» **ABOUT THIS EXERCISE**
Please, in the data that follows, copy exactly the lines from the line with "GBT14395-2009 城市地理要素编码规则 城市道路、道路交叉口、街坊、市政工程管线.docx" through the last one, both included. Do not include pictures.

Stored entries
-=-=-

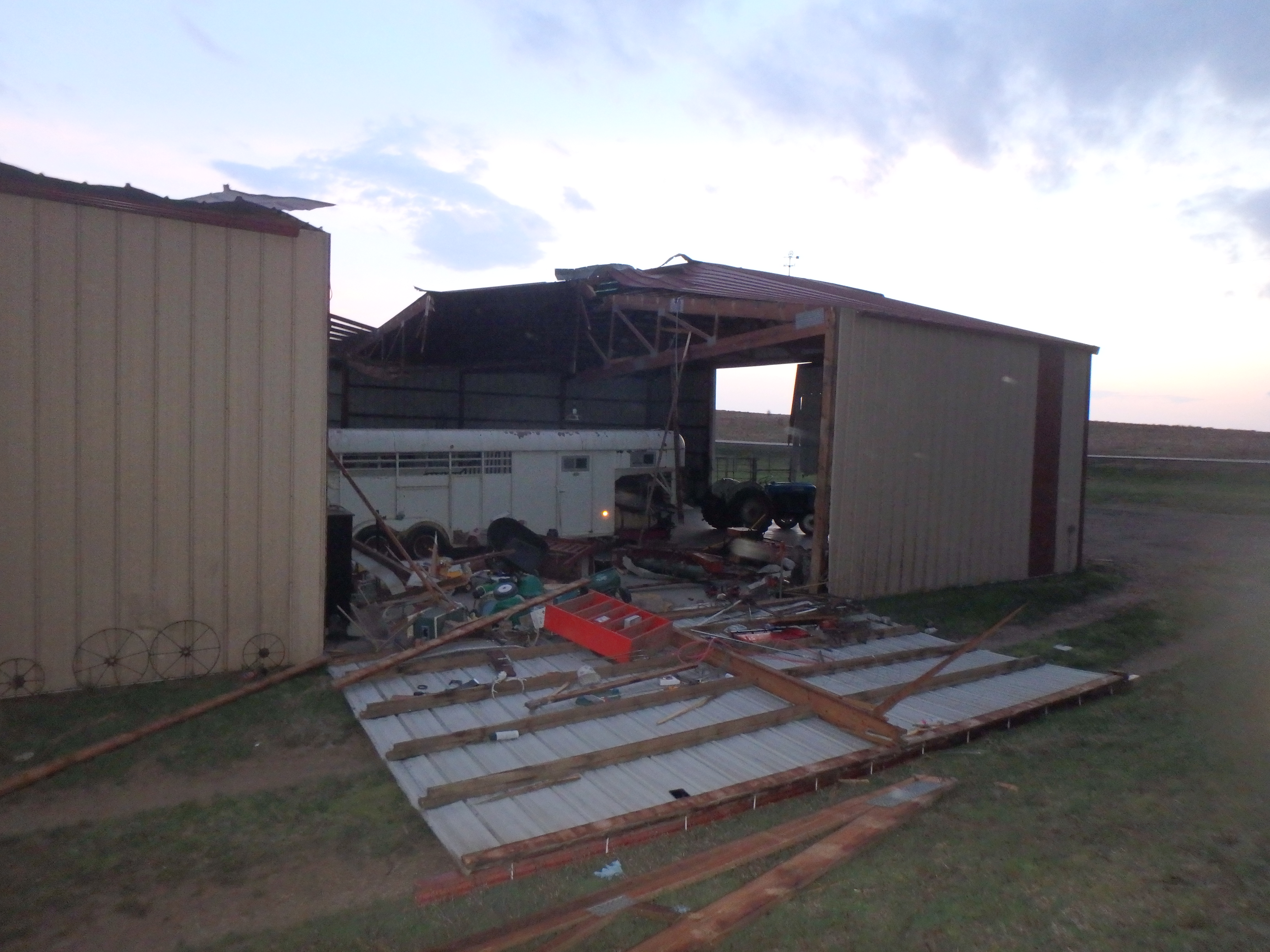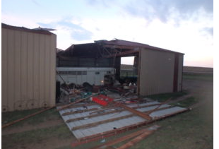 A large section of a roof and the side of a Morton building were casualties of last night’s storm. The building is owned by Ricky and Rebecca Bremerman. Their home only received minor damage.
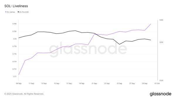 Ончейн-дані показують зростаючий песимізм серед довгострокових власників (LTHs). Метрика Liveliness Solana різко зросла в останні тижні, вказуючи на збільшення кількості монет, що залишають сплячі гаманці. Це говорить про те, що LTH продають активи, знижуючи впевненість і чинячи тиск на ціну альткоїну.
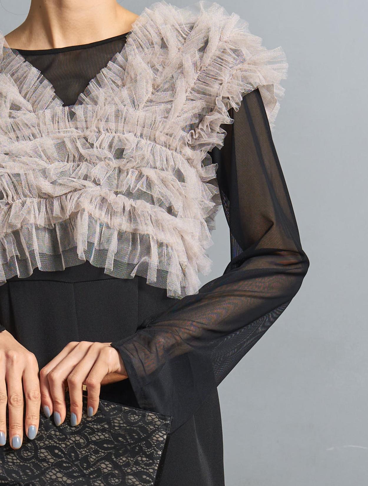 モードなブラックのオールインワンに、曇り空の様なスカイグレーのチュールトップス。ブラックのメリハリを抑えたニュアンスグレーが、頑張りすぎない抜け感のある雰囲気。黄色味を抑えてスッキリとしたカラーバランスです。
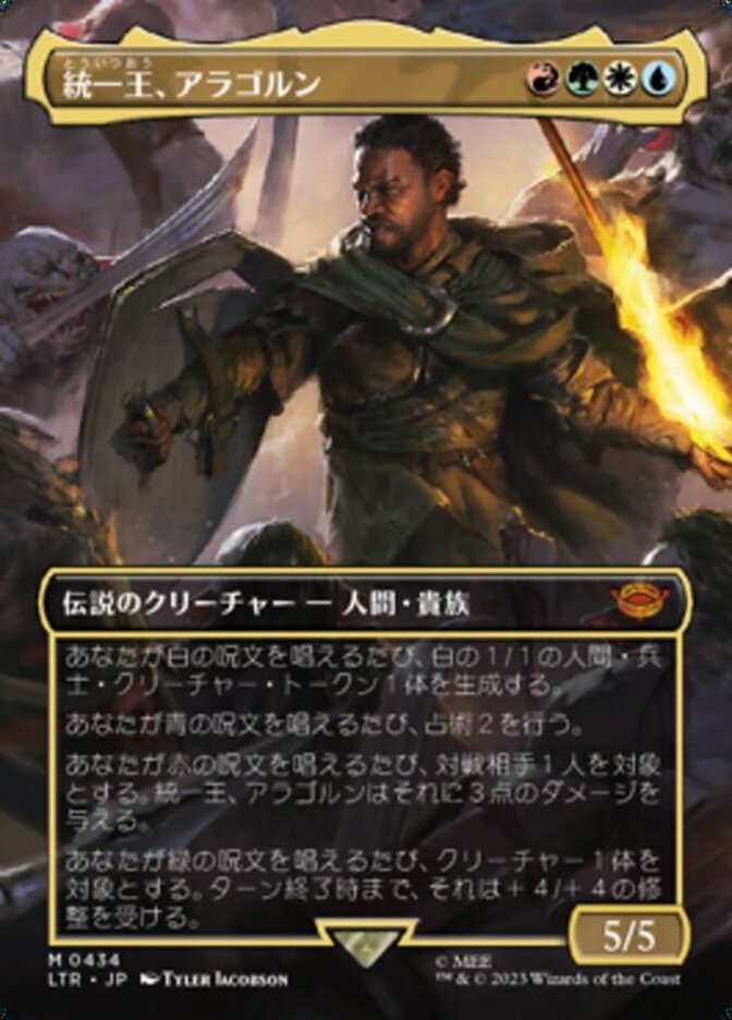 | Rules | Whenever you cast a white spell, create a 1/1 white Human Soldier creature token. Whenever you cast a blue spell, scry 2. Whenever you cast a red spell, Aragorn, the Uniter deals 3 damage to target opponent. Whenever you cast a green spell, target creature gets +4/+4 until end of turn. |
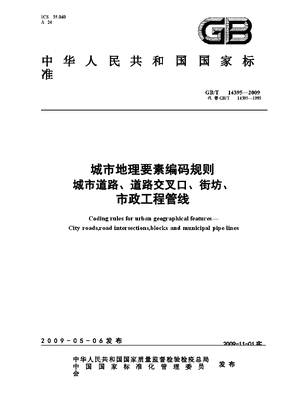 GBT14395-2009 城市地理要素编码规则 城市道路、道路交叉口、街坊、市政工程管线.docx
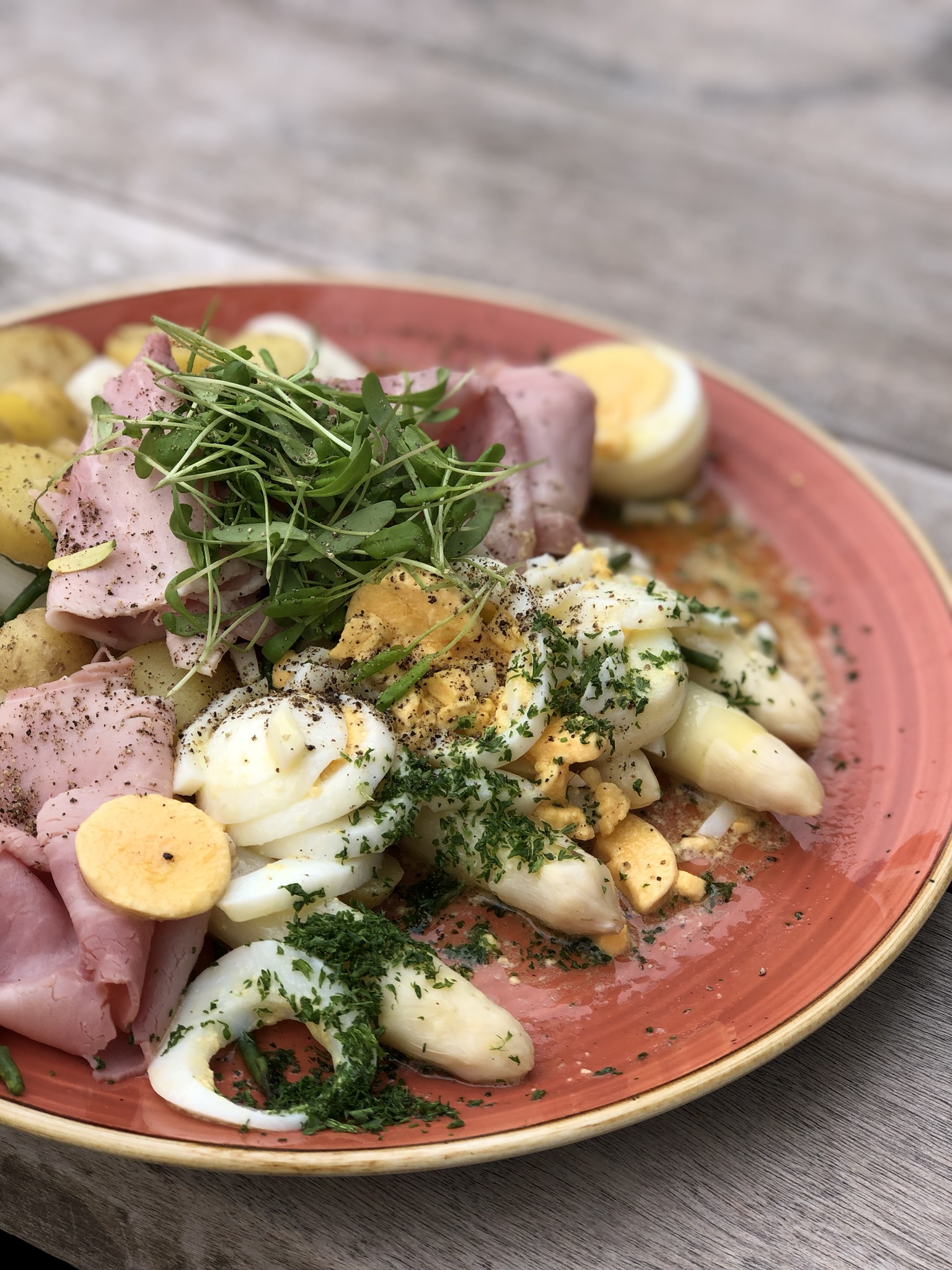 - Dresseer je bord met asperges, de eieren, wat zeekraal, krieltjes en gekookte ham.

-=-=-

» **OUTPUT BELOW**
 GBT14395-2009 城市地理要素编码规则 城市道路、道路交叉口、街坊、市政工程管线.docx
 - Dresseer je bord met asperges, de eieren, wat zeekraal, krieltjes en gekookte ham.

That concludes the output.